[Swift-devel] Notes from 0.93 meeting
David Kelly
davidk at ci.uchicago.edu
Fri Aug 26 18:52:16 CDT 2011
I tried setting GLOBUS_HOSTNAME on communicado. The gram log file is no longer created, but I still don't see any jobs being submitted?
There is a new set of logs at www.ci.uchicago.edu/~davidk/ranger-gt2-logs2.tar.gz
David
----- Original Message -----
> From: "Mihael Hategan" <hategan at mcs.anl.gov>
> To: "David Kelly" <davidk at ci.uchicago.edu>
> Cc: "swift-devel Devel" <swift-devel at ci.uchicago.edu>, "Jonathan Monette" <jonmon at mcs.anl.gov>
> Sent: Friday, August 26, 2011 1:42:13 PM
> Subject: Re: [Swift-devel] Notes from 0.93 meeting
> "The job manager failed to open stderr" tends to happen when you have
> GLOBUS_HOSTNAME set incorrectly.
>
> On Fri, 2011-08-26 at 13:38 -0500, David Kelly wrote:
> > When I am trying to run the script now, Swift does not seem to be
> > submitting the jobs correctly. Nothing it showing up in qstat.
> >
> > I noticed that a gram log gets created in my home directory that
> > says:
> > ts=2011-08-26T17:30:03.910618Z id=27215 event=gram.job.end
> > level=ERROR gramid=/16145868447994515851/17606392074284884670/
> > job_status=4 status=-73 reason="the job manager failed to open
> > stdout"
> >
> > I'm guessing this is the cause of the problem. Bugs #153 and #215
> > were related to similar problems with stdout and gt2/sge.
> >
> > The full logs are at
> > http://www.ci.uchicago.edu/~davidk/ranger-gt2-logs.tar.gz
> >
> > Thanks,
> > David
> >
> >
> > ----- Original Message -----
> > > From: "Mihael Hategan" <hategan at mcs.anl.gov>
> > > To: "Jonathan Monette" <jonmon at mcs.anl.gov>
> > > Cc: "swift-devel Devel" <swift-devel at ci.uchicago.edu>
> > > Sent: Thursday, August 25, 2011 5:31:34 PM
> > > Subject: Re: [Swift-devel] Notes from 0.93 meeting
> > > On Thu, 2011-08-25 at 17:18 -0500, Jonathan Monette wrote:
> > > > I can send mail to ci support and cc mike to it and ask what
> > > > they
> > > > can
> > > > do.
> > > >
> > > > Mihael, is there anyway for Swift to give a little more feedback
> > > > besides unknown CA or is that a jglobus problem?
> > >
> > > It's a jglobus problem.
> > >
> > > That in itself may not be a big issue, but jglobus is now being
> > > heavily
> > > re-organized by the globus team, so I'm not sure what the best
> > > long-term
> > > strategy is here.
> > > >
> > > > ----- Reply message -----
> > > > From: "Sarah Kenny" <skenny at uchicago.edu>
> > > > Date: Thu, Aug 25, 2011 5:11 pm
> > > > Subject: [Swift-devel] Notes from 0.93 meeting
> > > > To: "Jonathan Monette" <jonmon at mcs.anl.gov>
> > > > Cc: "Mihael Hategan" <hategan at mcs.anl.gov>, "swift-devel Devel"
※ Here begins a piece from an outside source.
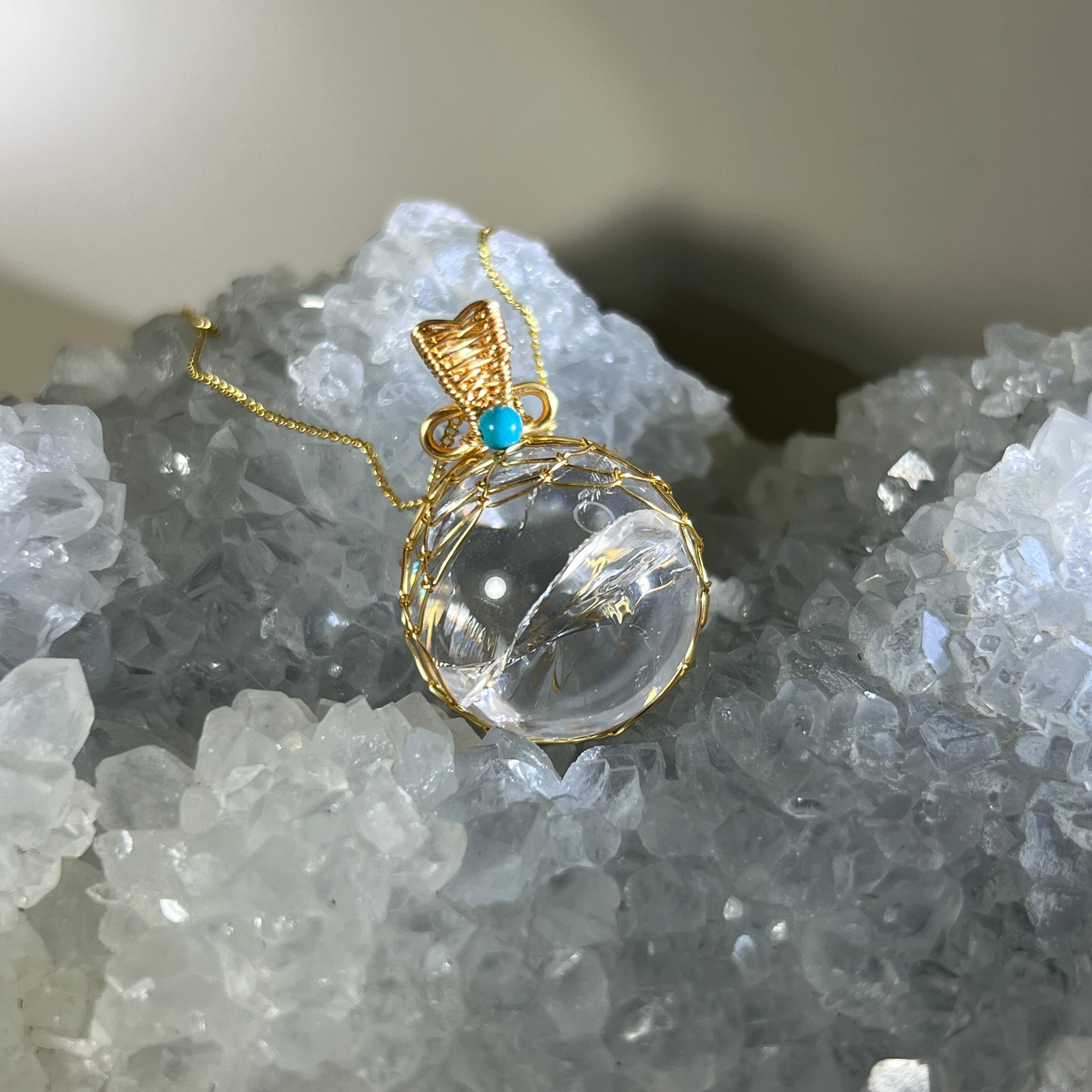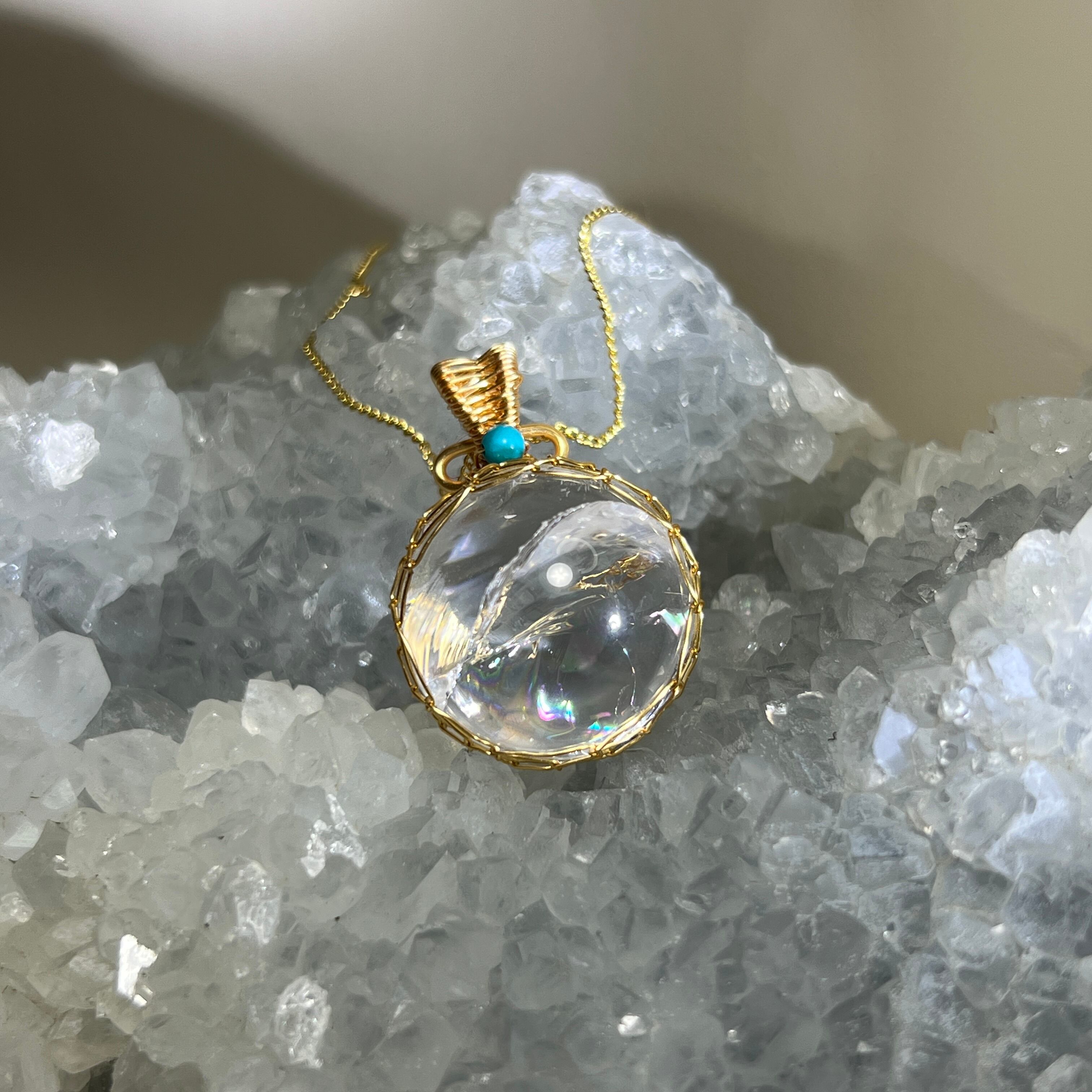 自由に軽やかに生きたい人の道を守りながら照らしてくれる虹入りクリアクォーツとターコイズのワイヤーラッピングペンダント【7-29】

> > > > <swift-devel at ci.uchicago.edu>
> > > >
> > > >
> > > >
> > > > if i had a nickel for every time i dealt with this i'd be rich!
> > > > :)
> > > > actually, now that i'm looking at our uci machines i actually
> > > > have
> > > > them updating hourly...so, maybe you want to ask the admins to
> > > > do
> > > > that
> > > > to avoid a full day of confusion whenever they expire :P
> > > >
> > > > *usually* i can't gsissh either if the certs have expired but,
> > > > yeah,
> > > > they must be using different CA's now for that on ranger as
> > > > mihael
> > > > suggests...
> > > >
> > > > On Thu, Aug 25, 2011 at 2:46 PM, Jonathan Monette
> > > > <jonmon at mcs.anl.gov>
> > > > wrote:
> > > > True. I did not think that each mechanism would use
> > > > different
> > > > CAs. We might want to ask ci support to update the grid
> > > > certs
> > > > more frequently then to avoid this situation.
> > > >
> > > >
> > > > On Aug 25, 2011, at 4:42 PM, Mihael Hategan wrote:
> > > >
> > > > > On Thu, 2011-08-25 at 16:40 -0500, Jonathan Monette
> > > > > wrote:
> > > > >> That is weird. If you were able to gsissh to ranger I
> > > > would assume
> > > > >> that you are able to globus-url-copy to ranger.
> > > > >
> > > > > Not if the two use different CAs. Or if a password was
> > > > > typed
> > > > at the ssh
> > > > > login.
> > > > >
> > > > >> Anyways, what Sarah said should work. I would assume
> > > > >> that
> > > > ci would
> > > > >> update more frequently to avoid this problem.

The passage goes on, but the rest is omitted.